5. Behavioral and Qualitative Analysis
Hermes 4’s qualitative characteristics are detailed as follows:
- Persona adoption: The model exhibits reduced “policy rigidity” compared to many proprietary systems. In adversarial roleplay and meta-contexts, Hermes 4 adopts instructed personas and generates immersive in-character output, minimizing default to generic safety warnings.
- Chain-of-thought separation: Model generations distinctly partition the “thinking” (explanatory, stepwise reasoning or stylistic planning) segment from the final answer, often visibly separated by cue tokens such as
</think>
. - Prompt sensitivity: Adjusting system prompt cue tokens (e.g., switching from “assistant” to first-person) modulates the model’s response style, reducing sycophantic tendencies and producing more peer-like or agentive outputs.
- Format compliance: Strong adherence to tool-use and answer-formatting instructions enables reliable deployment in environments requiring precise response structure.
This suggests Hermes 4 is amenable to controllable generation schemes and user-driven behavior modulation via external prompt cues.
6. Open Release, Reproducibility, and Research Enablers
The Hermes 4 project places a strong emphasis on openness and reproducibility:
- Model and data accessibility: All weights are publicly available through the HuggingFace repository https://huggingface.co/collections/NousResearch/hermes-4-collection-68a731bfd452e20816725728, along with benchmark logs and evaluation samples for replicate analysis.
- Transparency of pipeline: The data curation process (including synthesis graphs, deduplication methods, rejection sampling, loss masking, sample packing algorithms, and chain-of-thought truncation procedures) is documented in detail, supporting independent validation and further academic paper.
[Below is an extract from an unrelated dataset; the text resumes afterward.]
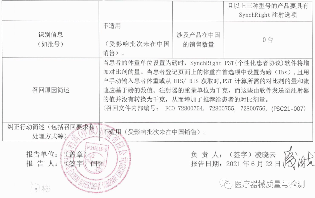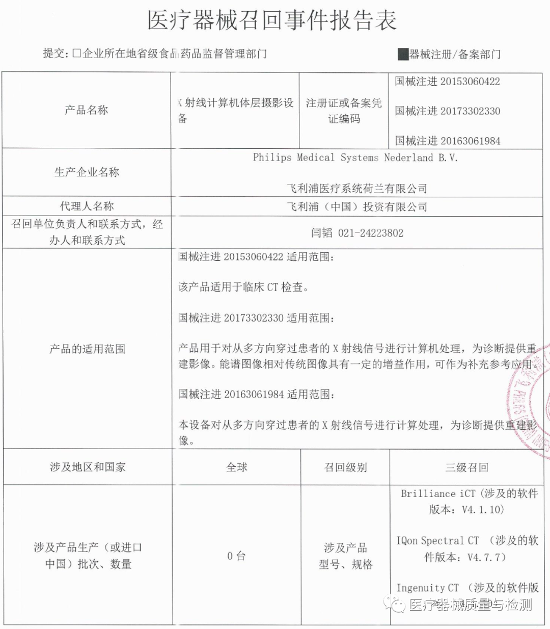 飞利浦(中国)投资有限公司报告,由于涉及特定型号、特定批次产品,存在当患者的体重单位设置为磅时,SynchRight P3T(个性化患者协议)软件将增加对比剂量的问题,生产商飞利浦医疗系统荷兰有限公司Philips Medical Systems Nederland B.V.对X射线计算机体层摄影设备Computed Tomography System(注册证号:国械注进20153060422、国械注进20173302330、国械注进20163061984)主动召回。召回级别为三级。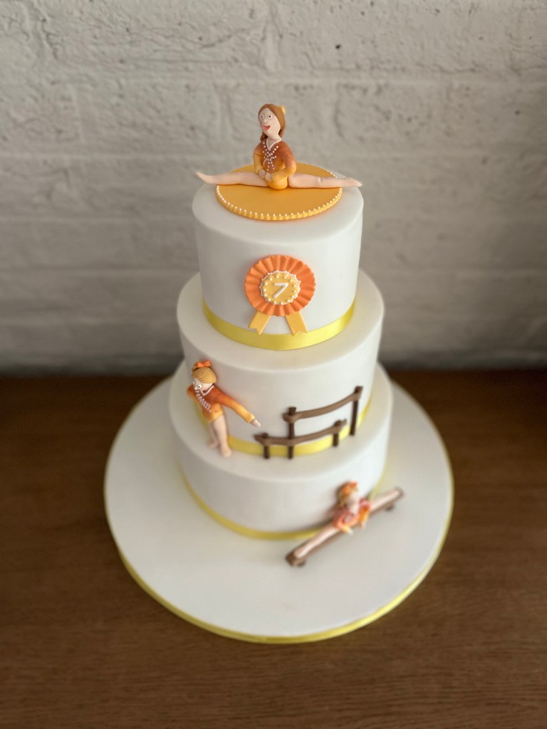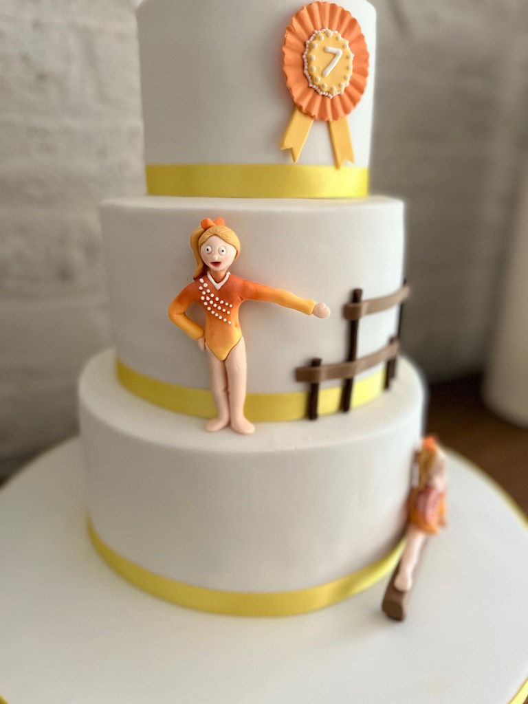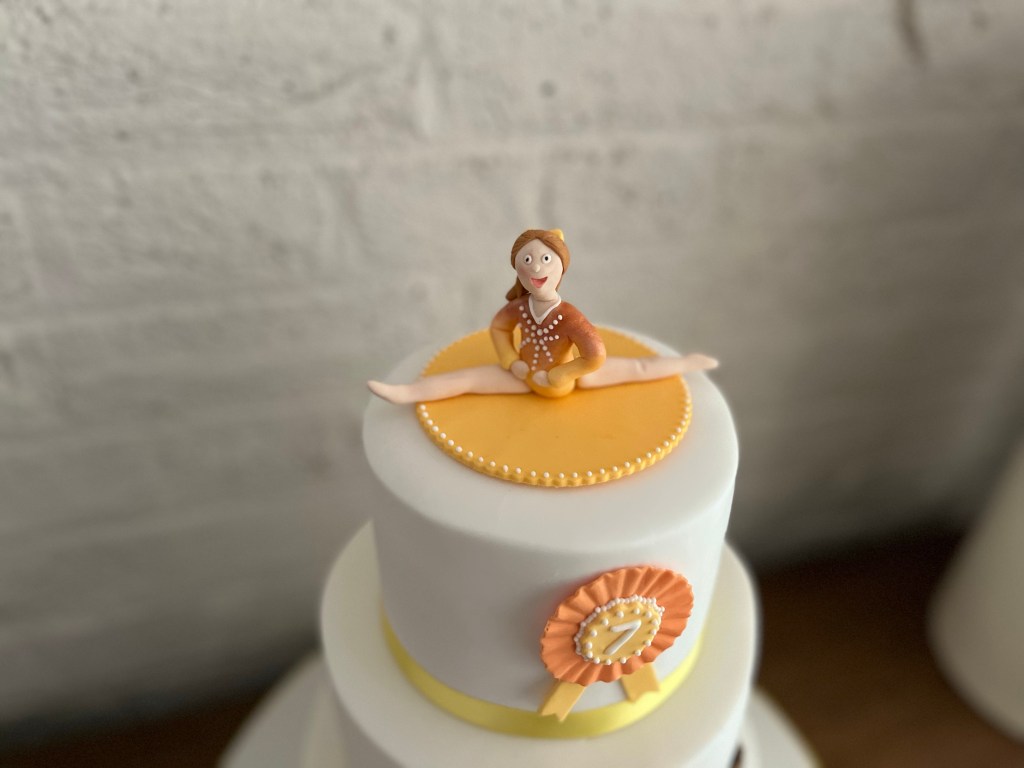 I made the leotards in yellow and used an orange petal dust to create the ombré effect. I had some peach shimmer dust which worked perfectly to give the girls shimmery leotards too. I piped the dots on the leotards with royal icing and a few finishing touches on the rosette and floor mat too. The girls absolutely loved their cake, especially seeing themselves created out of icing! Happy 7th Birthday!

- Collaboration incentives: By providing both models and data under open terms, the project enables contribution from the research community in hybrid reasoning, prompt engineering, and chain-of-thought supervision research.
- Infrastructure reuse: The use of established environments like Axolotl and TorchTitan allows researchers to adopt and extend the training and evaluation pipeline for custom problem classes.
A plausible implication is that Hermes 4 represents a reference implementation for open, high-fidelity hybrid reasoning LLMs designed for multi-step problem solving, alignment, and controlled output length.
7. Significance and Future Directions
Hermes 4 advances the state of open-hybrid reasoning systems, coupling efficient, long-context training with precise control over reasoning trajectory length and output style. It demonstrates competitive or better-than-proprietary performance across diverse academic tasks, while publicly releasing all methodological and model artifacts.
Future research directions facilitated by the Hermes 4 release include:
- Expanding reasoning graph complexity and extending chain-of-thought thresholding techniques.
- Investigating emergent behavioral dynamics in open-weight LLMs under persona and alignment shifts.
- Integrating hybrid reasoning architectures into domain-specific expert systems and tool-use applications.
By adhering to open science principles and providing comprehensive technical detail, Hermes 4 serves as a model for reproducible research and collaborative progress in advanced multi-step LLMing (Teknium et al., 25 Aug 2025).